Watts reminded Sharp he had told the PSC in the last hearing that Innovative had to seek EDC benefits to be able to accomplish capital improvements.
"Why were you loaning money out to other entities when your company is in need of capital projects?" Watts asked.
Sharp said it was a sound business decision to loan the money, which was borrowed at 10 percent interest, to another ICC company at 12 percent interest. He said it was better than putting it into a bank where it would only earn 1 or 2 percent interest.
Greenlight litigation not settled yet
In May a judgment was rendered in a suit filed against ICC by Greenlight Securities, minority stockholders in ICC's predecessor firm Emerging Communications. In that case in Delaware state court, the judge's decision, which has not yet been converted to a monetary judgment, was that ICC had understated the value of the stock owned by the minority (Greenlight) by tens of millions of dollars. (See: "Prosser Ordered to Pay Millions to Ex-shareholders".)
The estimates of the judgment were between $100-200 million.
Davis said that ICC and all Greenlight stockholders had signed off on a memorandum of understanding Thursday night. He did not say what the monetary terms of the memoradum were.
Siegfried said the RTFC believes its loan should be paid in full before money was issued to address the Greenlight situation.
"It is our decision to end the relationship we've had with ICC," Siegfried said. "In this case, defaults do matter; the truth does matter. If the RTFC prevails, there will be a new successor to Innovative."
Frederick Joseph, sub-director of the United Steelworkers of America, in attendance at the hearing said, "I want them (RTFC) to take over tomorrow." Joseph's union represents Vitelco employees.

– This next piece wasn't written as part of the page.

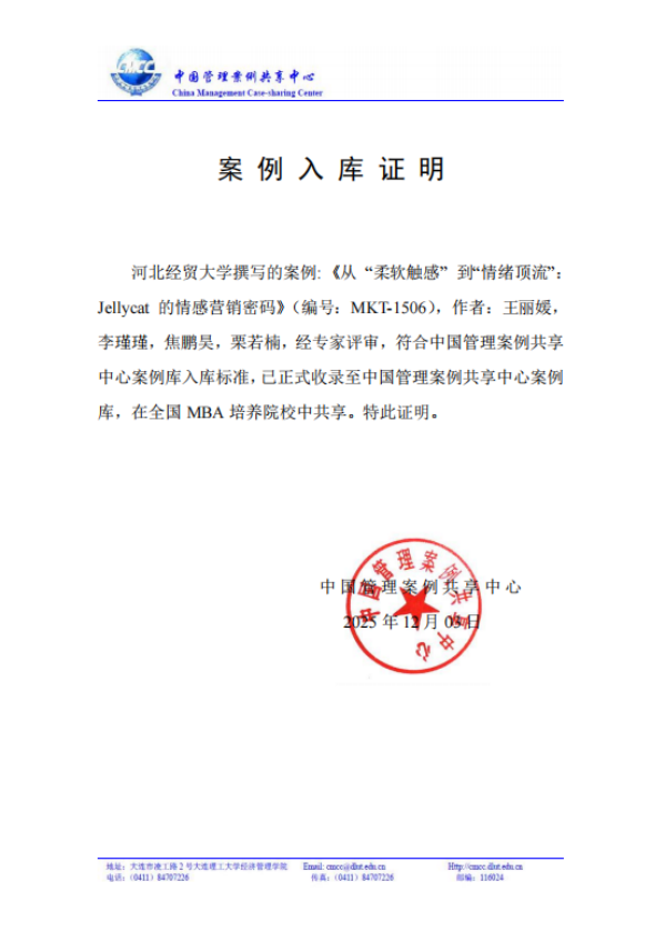 近日,工商管理学院王丽媛副教授、2024级工商管理学院研究生李瑾瑾、栗若楠和2024级人力资源管理2班焦鹏昊撰写的教学案例《从“柔软触感”到“情绪顶流”:Jellycat的情感营销密码》(编号:MKT-1506)入选中国管理案例共享中心案例库。

Sen. Louis Hill, who attended the meeting, issued a release Friday afternoon, saying he was "gravely concerned" at the issues raised at the hearing. Hill requested that the PSC "immediately" file an action in court against Innovative Telephone for violating the V.I. Code.

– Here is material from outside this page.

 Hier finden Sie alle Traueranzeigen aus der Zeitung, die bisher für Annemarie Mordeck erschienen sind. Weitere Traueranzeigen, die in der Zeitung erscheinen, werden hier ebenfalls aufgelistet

"Additionally, I would like the PSC to conduct an investigation to determine Innovative Telephone's ability to pay $30 million in dividends to Innovative Communication Corp. in light of the fact that Innovative Telephone is currently requesting EDC benefits to improve their communication's infrastructure," Hill wrote.
USF Certification
The PSC also voted 4-2 Friday to accept the recommendations of its consultant Gregory Mann and approve Innovative Telephone's Universal Services Fund certification plus send a letter to the Federal Communications Commission notifying it of the certification. Innovative receives substantial subsidies from the fund. This is the first time the commission, which is required to sign off on the application, has done anything more than rubberstamp the application, Valencio Jackson, PSC chairman, said at a meeting in August.
PSC Chairman Valencio Jackson, along with Alric Simmonds, Alecia Wells and Yvette Canegata-Jones voted in favor of the motion. Verne David and Desmond Maynard abstained. Jerris Browne was absent.
Attending the hearing Friday were Jackson, Canegata-Jones, David, Maynard, Simmonds, Wells and Renee. Browne and nonvoting member Sen. Shawn-Michael Malone were absent.